豊浜の家

用途:住居
構造:木造
竣工:2024

敷地は伊勢市を流れる宮川と外城田川がつくる三角州にある。
四方に川、海、山、田と豊かな景観が広がる。
一方でこの地域は2017年の台風21号により1.5m程度の浸水被害があり、夜間あっという間に水位が上がった恐ろしい状況であったことから、就寝中の被災対策を主眼に置き、家族全員の寝室を2階にリフトアップし、1階は土間とつながる諸室を配した計画とした。

我々が活動する地域では、都市部に比べ、敷地にゆとりがあることが多い。本計画地も建て主が祖父から受け継いだ農地を転用し、宅地化したものであり敷地が広い。
今も周囲の集落には、ゆとりのある敷地に住居、倉、農具小屋、便所、浴室などを分散配置した形式の住まいが並ぶ。

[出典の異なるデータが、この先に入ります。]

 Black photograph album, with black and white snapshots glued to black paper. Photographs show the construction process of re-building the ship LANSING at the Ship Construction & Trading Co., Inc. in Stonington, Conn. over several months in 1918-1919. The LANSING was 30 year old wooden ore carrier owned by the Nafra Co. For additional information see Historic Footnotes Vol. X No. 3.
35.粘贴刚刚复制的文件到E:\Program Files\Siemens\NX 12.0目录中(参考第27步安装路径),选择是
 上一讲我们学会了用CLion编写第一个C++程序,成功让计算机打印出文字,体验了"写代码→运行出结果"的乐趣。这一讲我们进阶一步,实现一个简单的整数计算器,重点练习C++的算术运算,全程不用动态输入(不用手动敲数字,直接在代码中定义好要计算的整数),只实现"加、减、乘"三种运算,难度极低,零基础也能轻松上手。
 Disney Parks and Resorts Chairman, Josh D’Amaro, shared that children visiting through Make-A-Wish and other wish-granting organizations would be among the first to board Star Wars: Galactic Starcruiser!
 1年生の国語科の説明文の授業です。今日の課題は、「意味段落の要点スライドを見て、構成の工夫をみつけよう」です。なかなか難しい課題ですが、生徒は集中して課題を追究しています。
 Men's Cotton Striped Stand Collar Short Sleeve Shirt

この形式の由来は、家畜との同居、肥えの処理、疫病対策、火災時における財産保護のリスクヘッジなどの知恵の継承といった背景がある。
この形式に簡素で大きな屋根を掛けることで、現在から今後の使い方に自由度を持った建ち方があらわれる。
プランは、2730mmグリッドで立てた柱を取っ掛かりに組み立てた。
今後の建て増しや使い方の変化があった際には、既にある柱と屋根が計画に容易さを与える。
また、柱が内外を横断しながら等間隔に林立することで、内外双方向に知覚の拡がりを生む。

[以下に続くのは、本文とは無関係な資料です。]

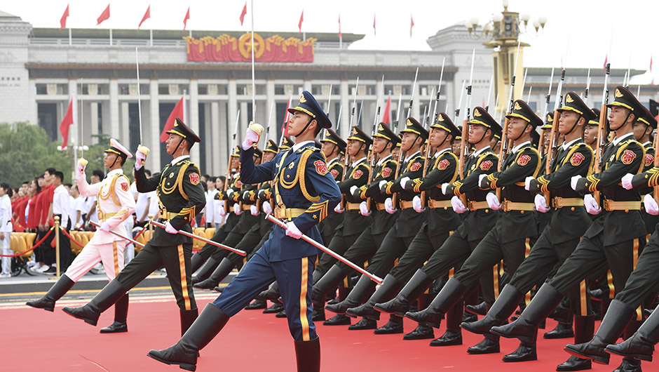 这是国旗护卫队准备升旗。新华社记者 李鑫 摄
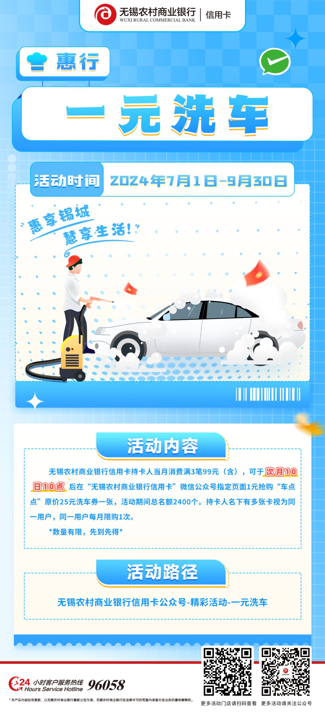 无锡农村商业银行信用卡持卡人当月消费满3笔99元(含),可于次月10日10点后在“无锡农村商业银行信用卡”微信公众号指定页面1元抢购“车点点”原价25元洗车券一张,活动期间总名额2400个。持卡人名下有多张卡视为同一用户,同一用户每月限购1次。*数量有限,先到先得*
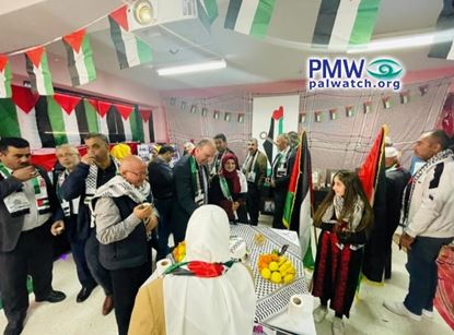 The image shows people standing in a room during the event, with Palestinian flags decorating the room. In the background is a poster featuring the PA map of “Palestine” that presents all of Israel together with the PA areas as “Palestine” in the colors of the Palestinian flag.
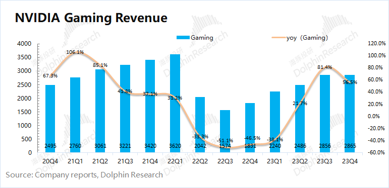 1)本季度游戏业务同比增长56.5%,继续回暖。海豚君认为公司本季度游戏业务回暖的主要原因是:a)PC市场的回暖,一定程度上也增加了对GPU的需求;b)近期币值的上涨,也提升了部分显卡的需求;
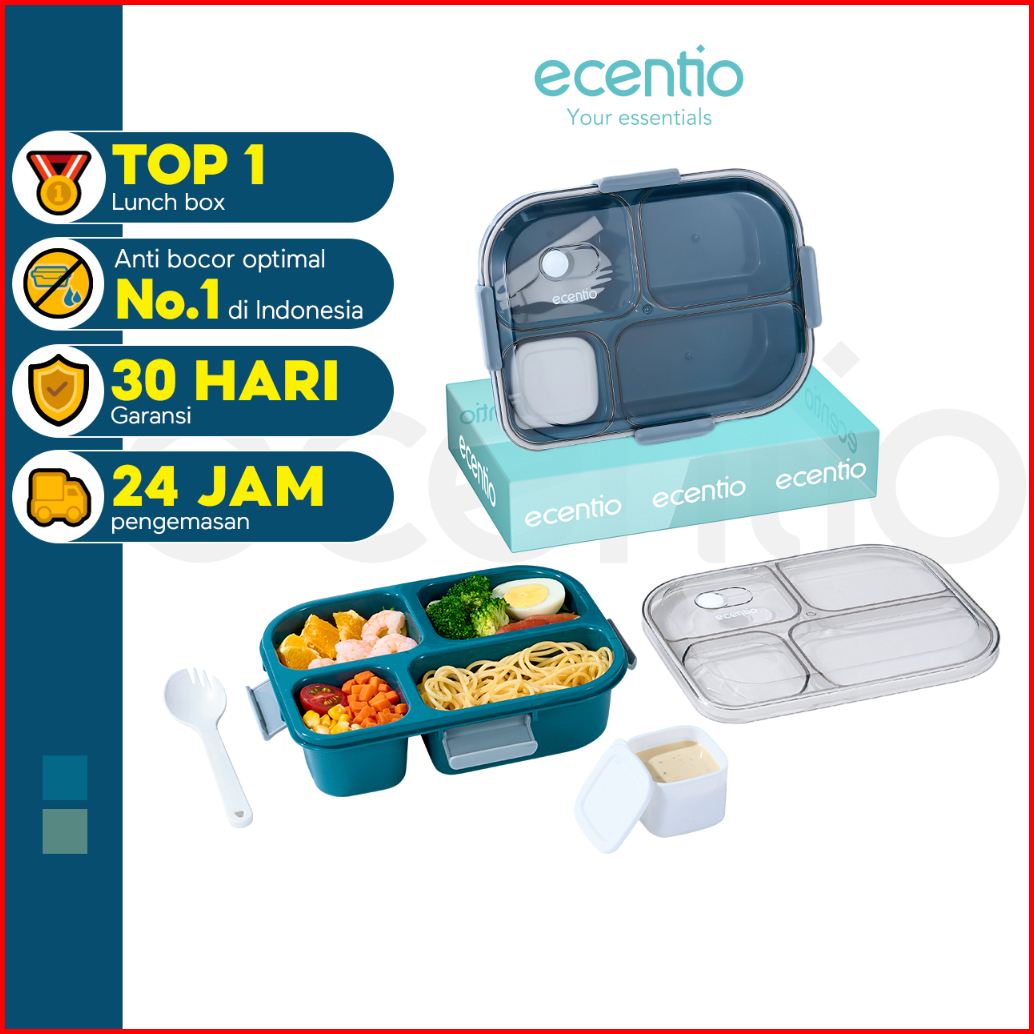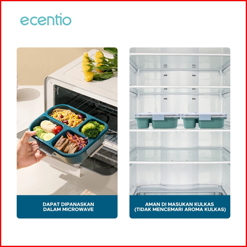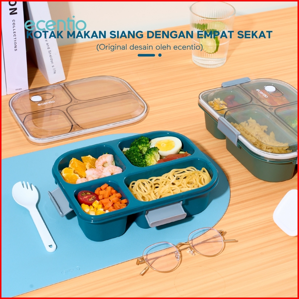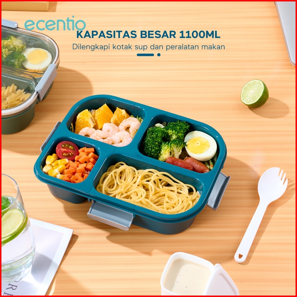 Bpa Freeecentio 1100ml 4 Grid Kotak Makan Kotak Bekal Anti Tumpah Lunch Box Anti Tumpah Free Sendok

建築を構成する素材は、周囲の農業用建築物に倣った廉価な工業用素材をサルベージしたが、この選択はコストコントロールだけがその所以ではない。
コストとは実務において切実さを孕む一方で、全国共通の強力な論理ではなく、建材、人工は地域によって異なり、時代によっても変化する指標のようなものであり、建築を構成する要素の一つに過ぎない。

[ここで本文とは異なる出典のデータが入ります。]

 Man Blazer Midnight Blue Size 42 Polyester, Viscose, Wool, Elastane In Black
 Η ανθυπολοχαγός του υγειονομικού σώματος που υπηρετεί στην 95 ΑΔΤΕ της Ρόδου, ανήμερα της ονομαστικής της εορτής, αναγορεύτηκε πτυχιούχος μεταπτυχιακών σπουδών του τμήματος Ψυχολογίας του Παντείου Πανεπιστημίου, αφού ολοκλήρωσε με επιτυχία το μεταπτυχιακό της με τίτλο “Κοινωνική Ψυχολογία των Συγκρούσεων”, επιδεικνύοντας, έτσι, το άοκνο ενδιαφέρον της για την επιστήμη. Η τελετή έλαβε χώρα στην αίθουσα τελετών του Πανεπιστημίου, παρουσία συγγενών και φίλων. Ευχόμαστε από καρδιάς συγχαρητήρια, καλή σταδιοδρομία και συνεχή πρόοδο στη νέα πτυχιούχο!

建築を構成する要素(周辺環境、素材、使い手、経済動向)は常に変数である。
建築が農村地域にとって現在性を持ちつつも、移ろいでゆく状況に応じてその在り方を適応させていける軽い形に相応しい素材を選定した。
諸々の要件から引かれたグリッドを下敷きに、建築自体が変数たりうる柱と屋根を拵えた。